EXERCISE DIRECTIONS:
Only the stretch below from the line holding "信息四:有三家公司委託三隻羊" through the line holding "LALAPERCARE/娜拉之夏韩国进口香氛除氯美肤增压过滤花洒喷头净化 大马士革玫瑰+太空环增压花洒 176" should be restated, word for word and with both ends included; pictures stay out.

INPUT MATERIAL:
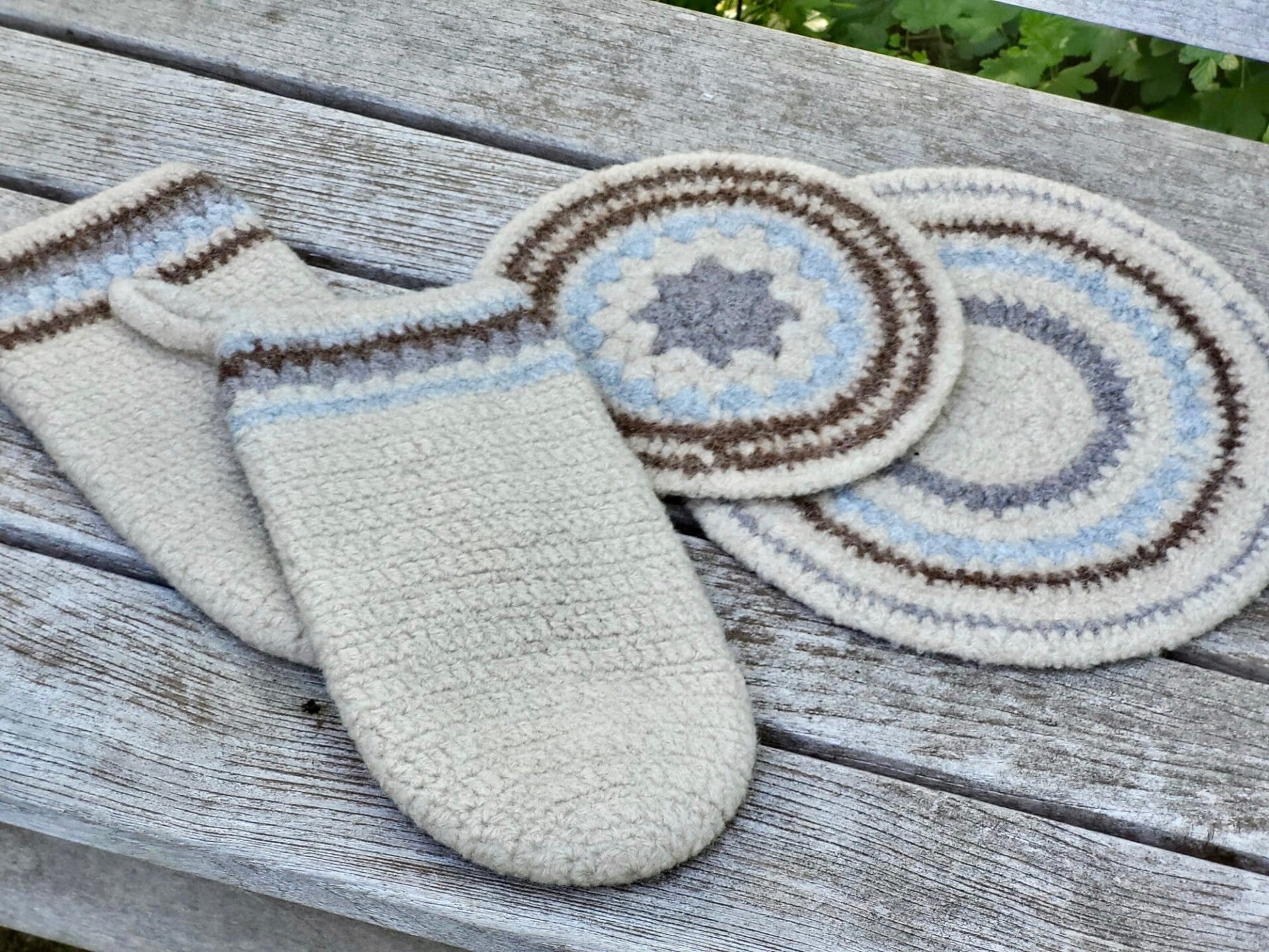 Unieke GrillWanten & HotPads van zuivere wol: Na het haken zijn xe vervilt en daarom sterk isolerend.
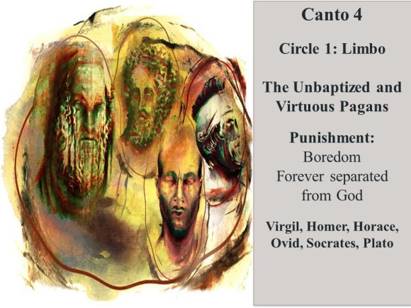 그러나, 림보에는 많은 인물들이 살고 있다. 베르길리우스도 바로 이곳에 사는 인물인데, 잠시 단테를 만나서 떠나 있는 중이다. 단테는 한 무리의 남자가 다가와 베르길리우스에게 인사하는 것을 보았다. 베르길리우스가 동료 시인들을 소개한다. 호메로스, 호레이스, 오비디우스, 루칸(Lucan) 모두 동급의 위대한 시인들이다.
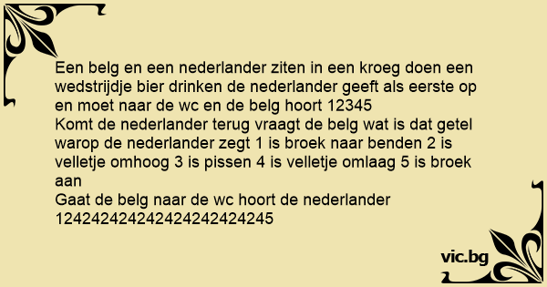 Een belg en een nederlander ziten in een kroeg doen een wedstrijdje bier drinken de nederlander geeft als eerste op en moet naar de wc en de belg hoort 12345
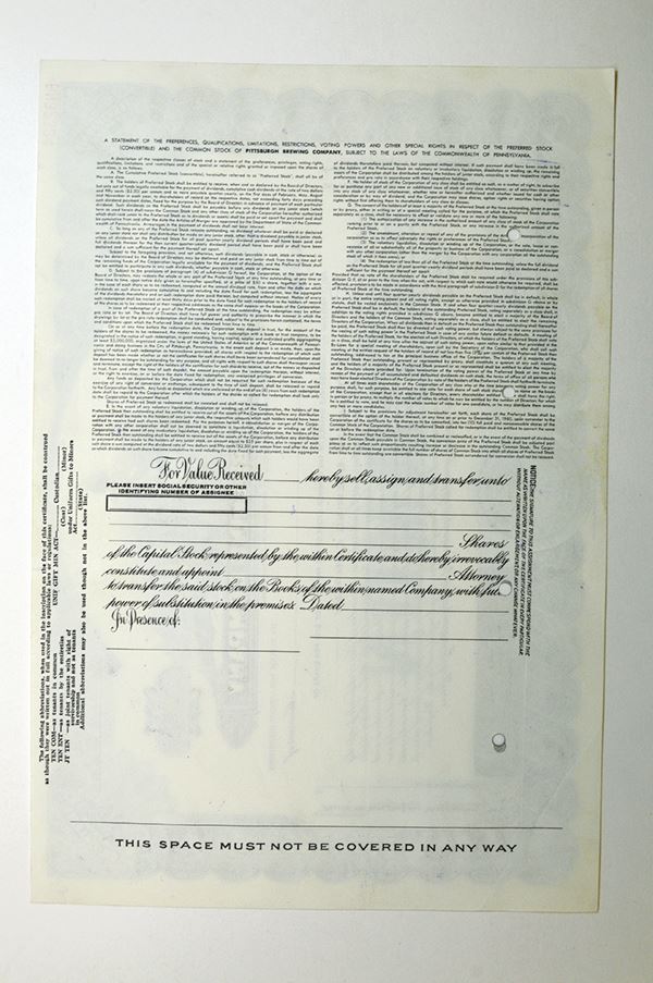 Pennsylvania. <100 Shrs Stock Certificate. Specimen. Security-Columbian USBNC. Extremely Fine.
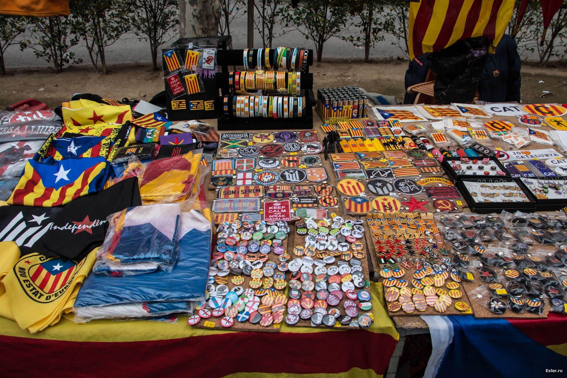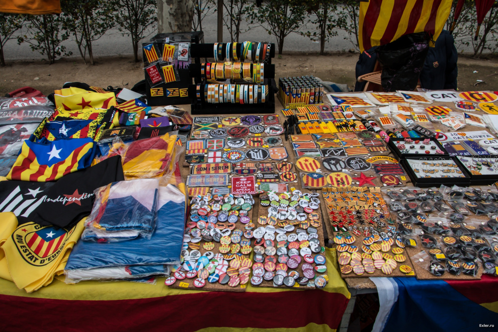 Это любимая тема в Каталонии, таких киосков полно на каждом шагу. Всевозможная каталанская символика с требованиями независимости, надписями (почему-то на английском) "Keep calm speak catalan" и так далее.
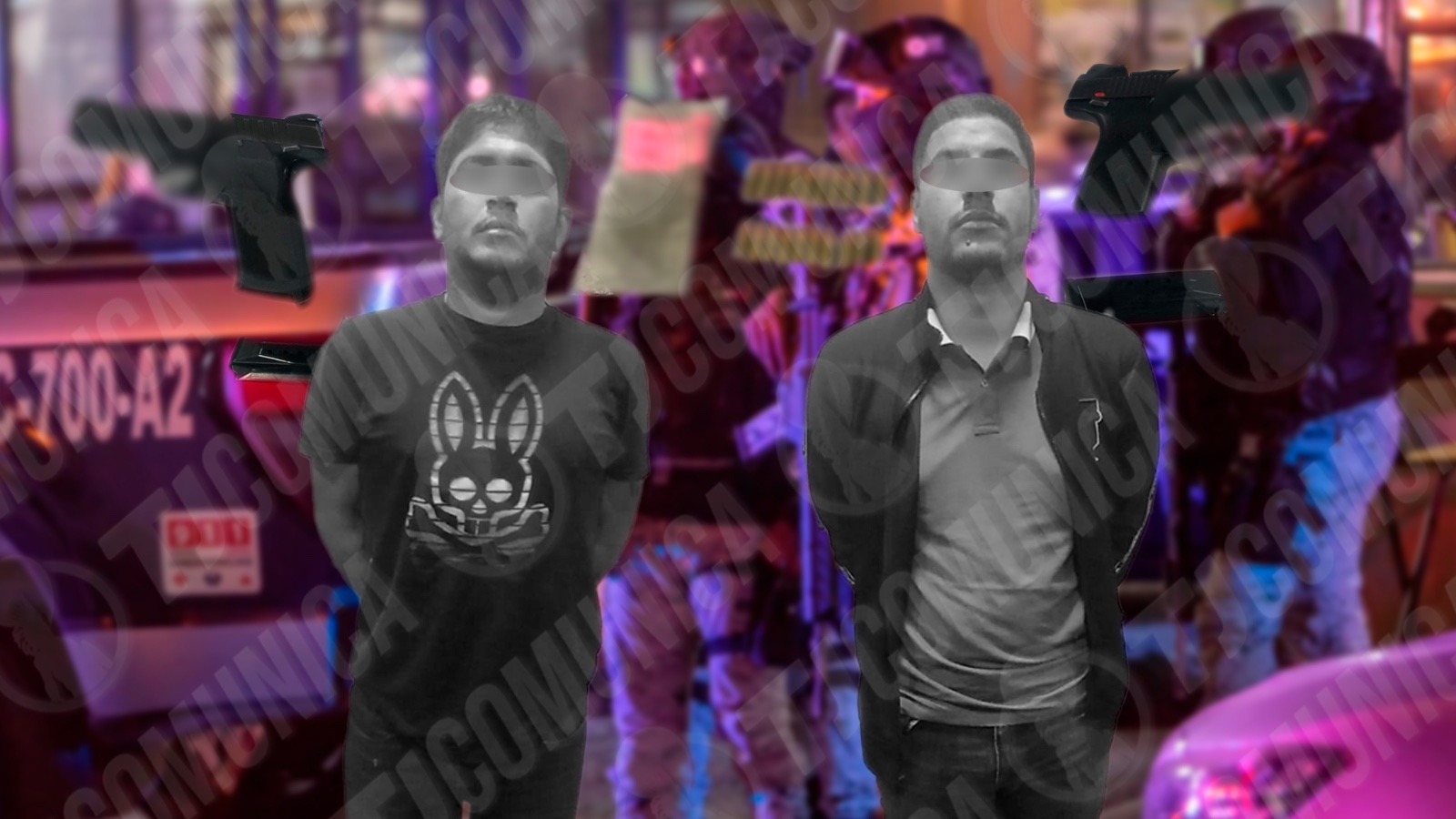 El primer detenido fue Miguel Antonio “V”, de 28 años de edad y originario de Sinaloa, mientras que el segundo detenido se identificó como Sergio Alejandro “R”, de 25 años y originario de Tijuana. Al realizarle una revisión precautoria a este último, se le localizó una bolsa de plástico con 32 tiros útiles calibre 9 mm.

...

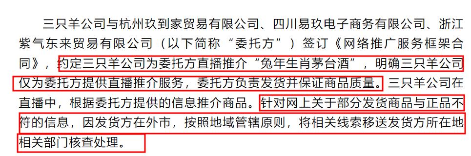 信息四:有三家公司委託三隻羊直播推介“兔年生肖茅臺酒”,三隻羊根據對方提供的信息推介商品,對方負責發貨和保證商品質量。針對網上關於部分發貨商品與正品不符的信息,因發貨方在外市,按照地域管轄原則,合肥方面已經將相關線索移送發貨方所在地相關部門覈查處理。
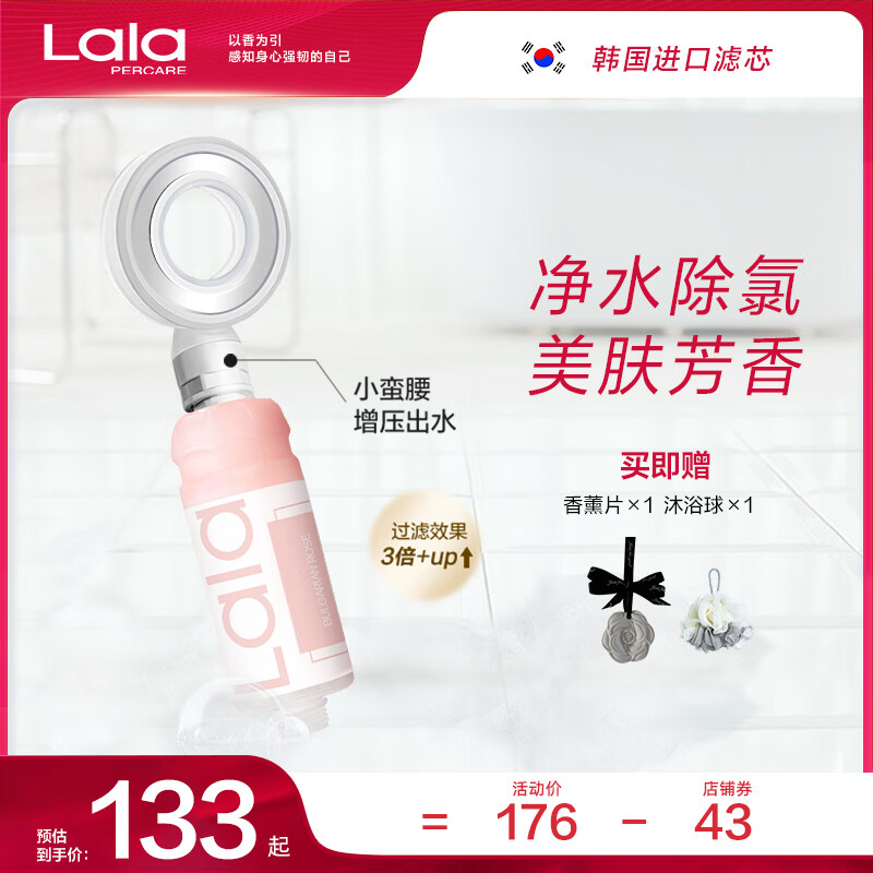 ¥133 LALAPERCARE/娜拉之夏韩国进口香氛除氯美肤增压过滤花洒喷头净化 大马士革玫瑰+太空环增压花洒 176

RESPONSE TO THE TASK:
 信息四:有三家公司委託三隻羊直播推介“兔年生肖茅臺酒”,三隻羊根據對方提供的信息推介商品,對方負責發貨和保證商品質量。針對網上關於部分發貨商品與正品不符的信息,因發貨方在外市,按照地域管轄原則,合肥方面已經將相關線索移送發貨方所在地相關部門覈查處理。
 ¥133 LALAPERCARE/娜拉之夏韩国进口香氛除氯美肤增压过滤花洒喷头净化 大马士革玫瑰+太空环增压花洒 176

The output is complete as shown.